We are organizing the Workshop on Simultaneous Translation (2022, 2021, 2020), where there is a shared task on Chinese-English and English-Spanish simultaneous translation.
Our PLATO-2 model was ranked top 1 at DSTC9 tracks 1, 2 and 3 and PLATO-XL was ranked top 1 at DSTC10 tracks 1 and 2.
We launched LUGE (Language Understanding and Generation Evaluation Benchmarks ) on Chinese NLP, which aims to provide researchers with various kinds of data sets and evaluations, and jointly promote the progress of Chinese NLP technology. A recent introduction on this is available here (In Chinese). If you are interested in LUGE or sharing data sets, pls. contact me.

Professional Activities

Program co-chair of AACL 2020, ACL 2014
Action editor of TACL, starting from July, 2021
Area chairs or SPC of ACL, IJCAI and AAAI
Co-organize the first Workshop on Automatic Simultaneous Translation 2020
Co-organize the ICDAR Workshop of Document Image and Language 2021

Research

♠ Open-Domain Dialogue Systems

The aim of the open domain dialogue system is let the machines capable of chatting, answering question and completing tasks, as well as the ability of rapid learning and continuous evolution.
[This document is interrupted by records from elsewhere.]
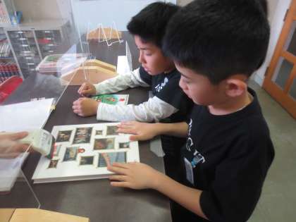 今年度の図書の貸し出しが始まるに当たり、「図書室オリエンテーション」を行いました。図書館司書から、図書室の本の並び方やマナー等を教えていただいた後、本の読み聞かせを行いました。わくわくしながら絵本を見つめる子供たち。今年度もたくさんの本に親しんでほしいと思います。
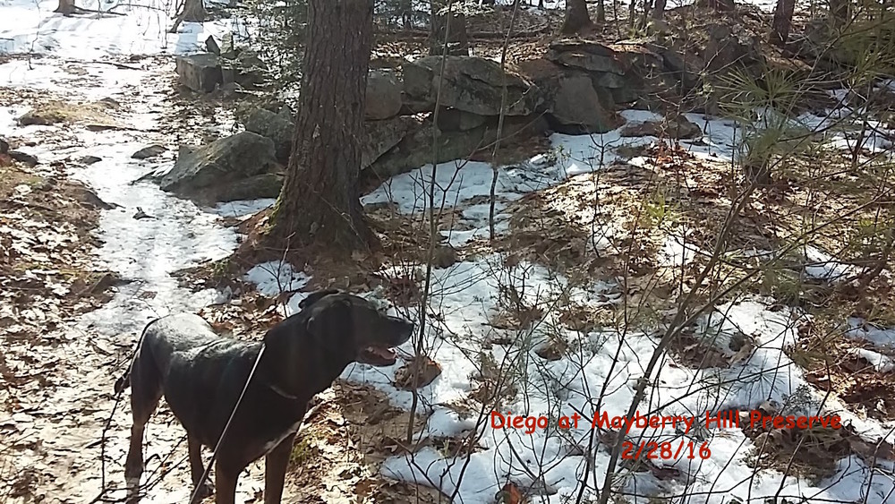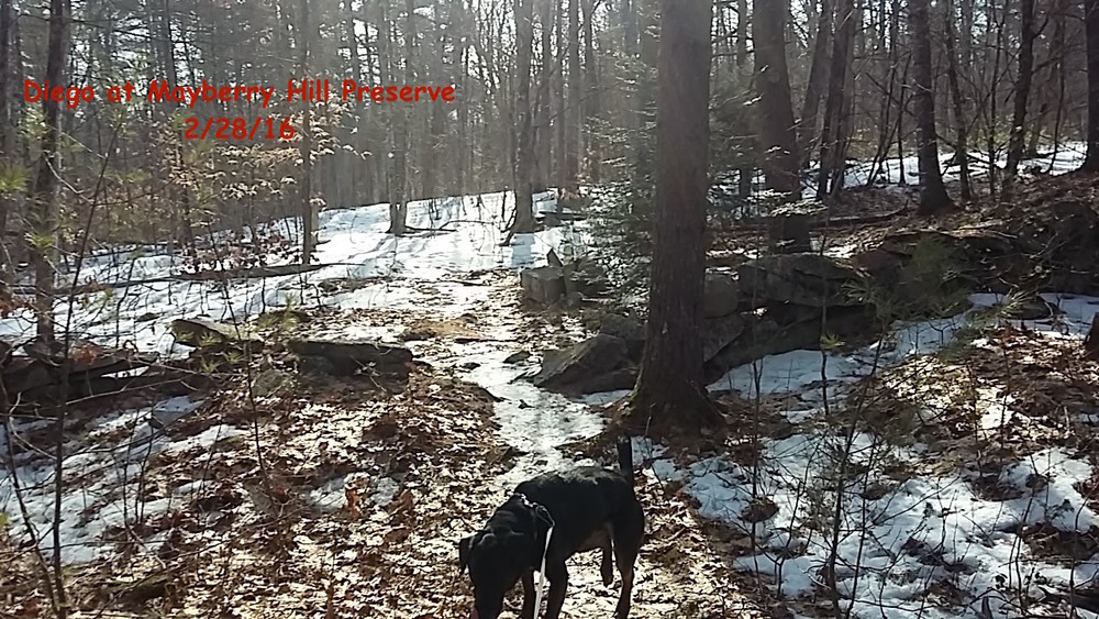 Allowed uses include day hiking, dog walking, snowshoeing, and cross-country skiing. Hunting is allowed in season, so please wear blaze orange October through December.
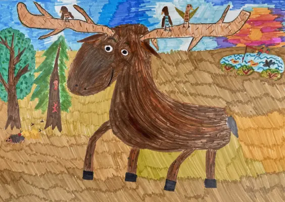 В моём районе расположен национальный парк «Лосиный остров». На своём рисунке я изобразила обитателей парка: лося, белок, птичек, ёжика. Ещё добавила пруд с уточками и рыбаком. Я люблю там гулять. Ценю и горжусь, что такое чудесное место есть в моём районе!
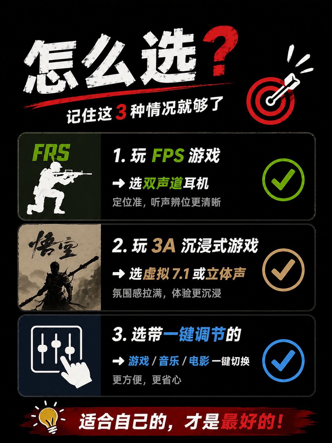 如果既玩3A又玩FPS,优先选支持一键切换的款式,沉浸开7.1,竞技切双声道。至于Hi-Res、无损解码,游戏里用处不大,最终还是选自己喜欢的就行。
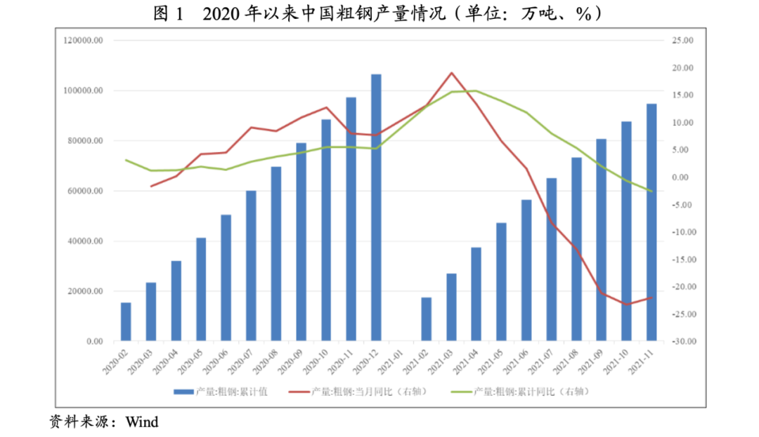 2021年1―11月,中國(guó)生鐵、粗鋼和鋼材產(chǎn)量分別為79623萬(wàn)噸、94636萬(wàn)噸和122333萬(wàn)噸,同比分別下降4.20%、下降2.60%和增長(zhǎng)1.00%。從月度走勢(shì)看,自2021年4月開始月度粗鋼產(chǎn)量增速有所放緩,7月起月度粗鋼產(chǎn)量同比增速由正轉(zhuǎn)負(fù),且降幅不斷擴(kuò)大,主要系下游需求轉(zhuǎn)弱以及限產(chǎn)施壓所致。
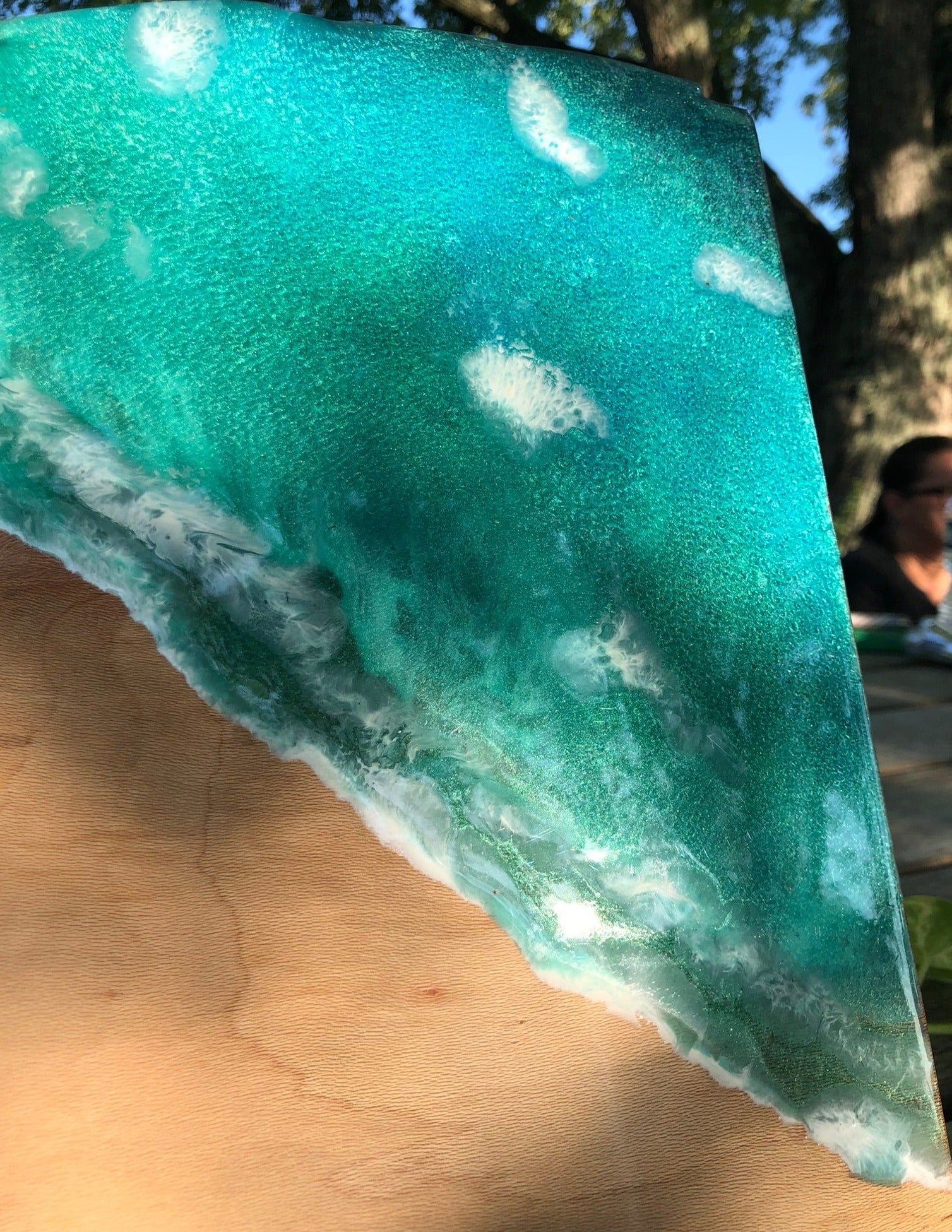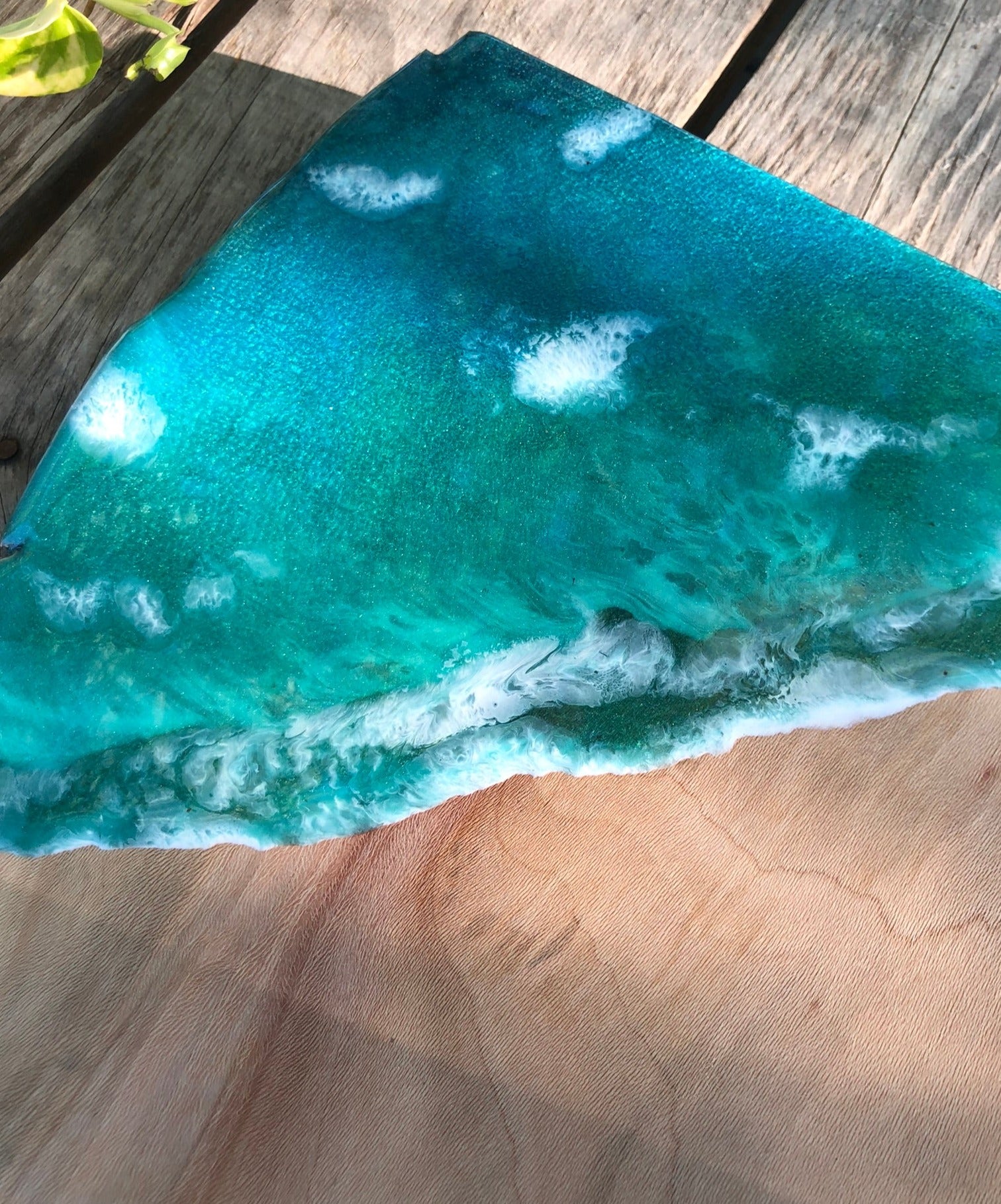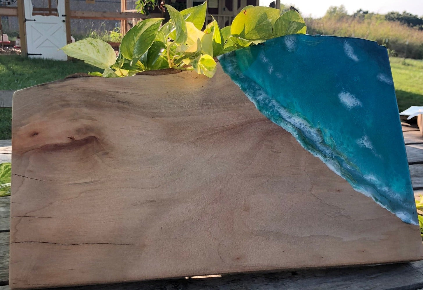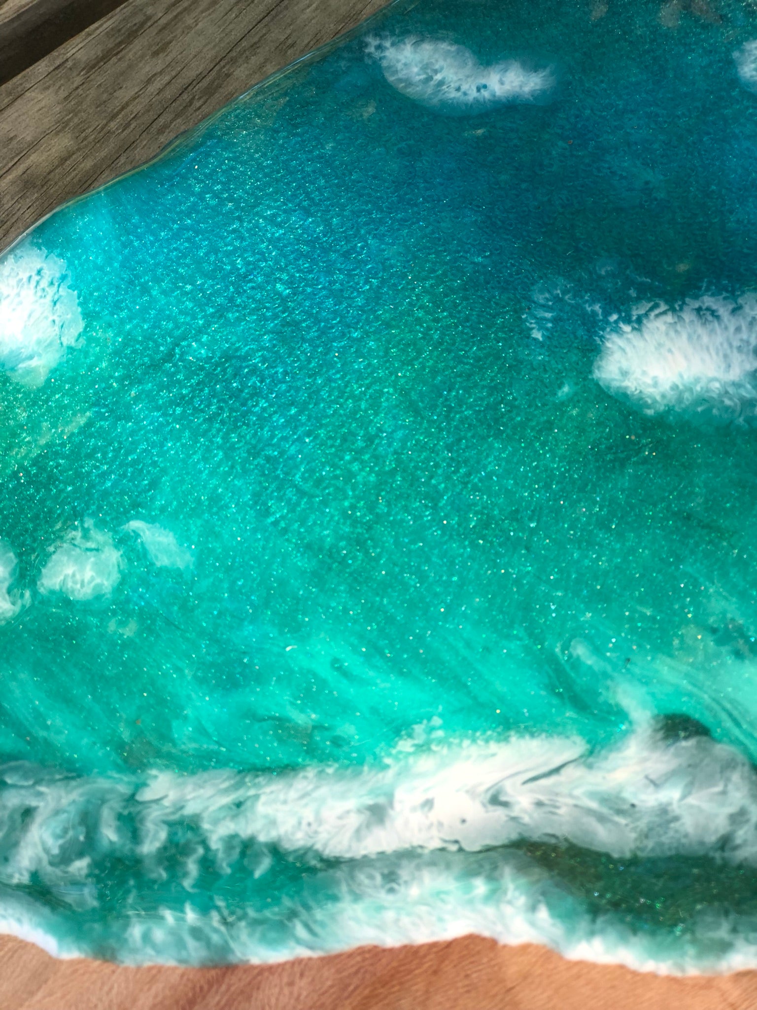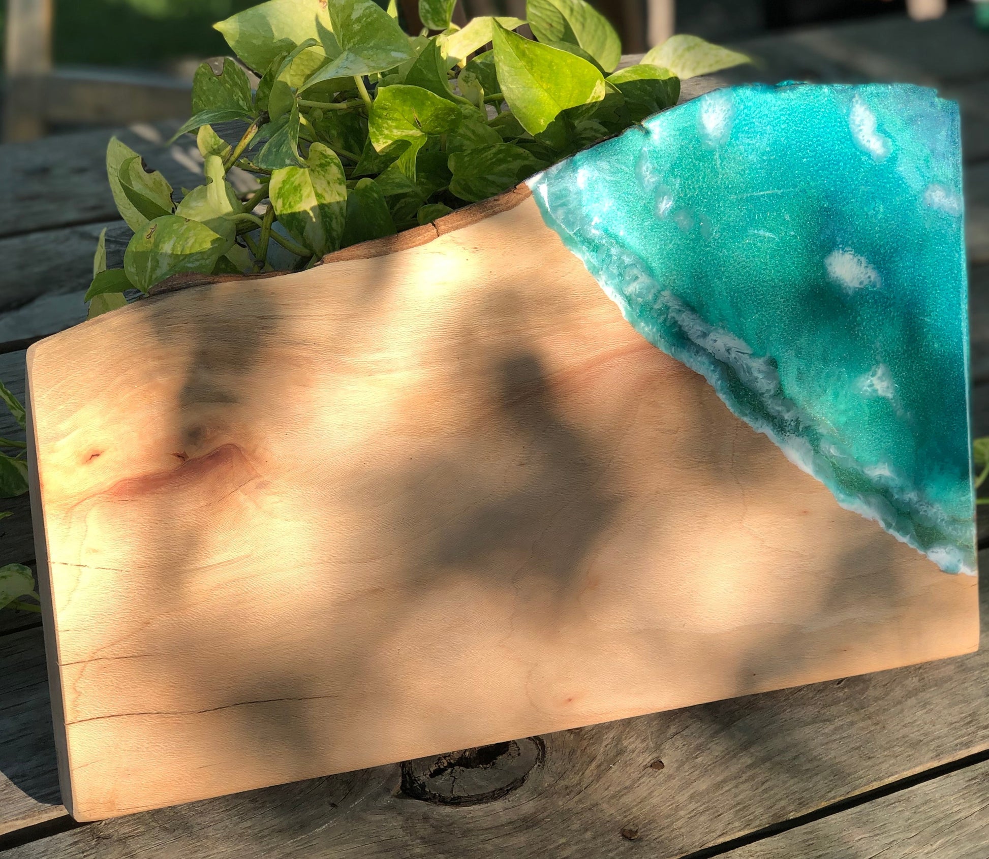 This Charcuterie/Serving Board is beautifully hand-sanded and artistically decorated with the gentle waves of the Caribbean Sea in mind. Imagine the soft waves caressing your soul as you serve beautiful meats and cheeses to your guests and family. Truly a one of a kind piece of functional art. You can choose to display your culinary creations on either side of these boards, as they are equally sanded and sealed.
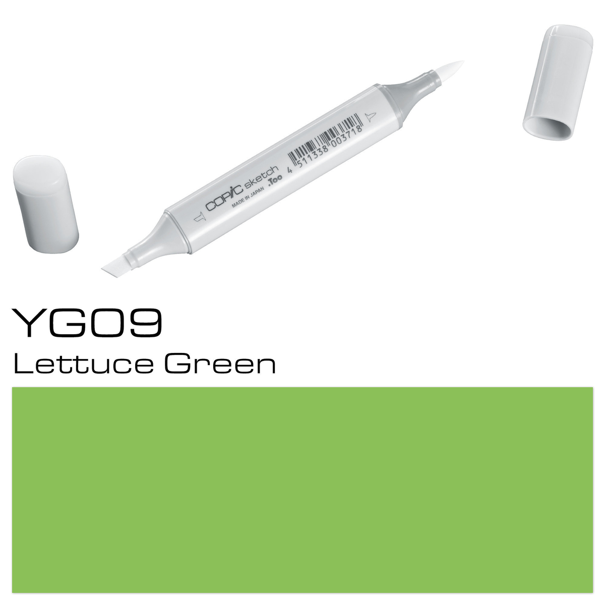 Copic Sketch YG, tusjpenner i gule/grønne farger. Copic Sketch er en tusj for fargelegging med to ulike spisser, medium bred (2–6 mm) og penselspiss (Super Brush). En alkoholbasert og hurtigtørkende spesialpenn som er permanent og syrefri. Fargekodede hetter. Løse spisser kan kjøpes som ekstra tilbehør. Pris per stk. Lettuce Green

Its core competencies are as follows:

Understanding: understand natural languages
Expression: express in fluent natural languages
Emotion: understand emotions and respond with appropriate emotions
Thinking: Context-based calculation, reasoning and decision making
Learning: Capable of learning and evolution

It is not easy to make such a system come true. There are several fundamental problems to be solved: dialogue-oriented knowledge representation, knowledge-grounded policy learning, knowledge-grounded response generation. In order to approach this target, we have conducted some researches:

Large-scale pre-trained response generation model
Based on the available large-scale open-domain conversation, we pre-trained a response generation model PLATO-2 via curriculum learning. We have released our English models and source codes at Github. PLATO-2 was ranked top 1 at DSTC 9 Track 1, Track2, and Track 3 shared tasks. we also trained a model named PLATO-XL with 10 billion parameters.
Knowledge-grounded policy learning and response generation
we leverage graphs to guide policy learning. Different kinds of graphs are used including knowledge graphs, conversation graphs constructed from query logs, event graphs constructed from stories. Several papers were published in AAAI 2020, ACL 2020, IJCAI 2020.
Datasets for knowledge-grounded dialogue system
DuCov: This corpus is designed to facilitate the researches towards building a human-like conversational agent: endowing it with the ability of proactively leading the conversation. In DuConv, one acts as a conversation leader and the other acts as the follower. The leader is provided with a knowledge graph and asked to sequentially change the discussion topics, following the given conversation goal, and meanwhile keep the dialogue as natural and engaging as possible. DuConv enables a very challenging task as the model needs to both understand dialogue and plan over the given knowledge graph. This dataset contains about 270K utterances and 30k dialogues.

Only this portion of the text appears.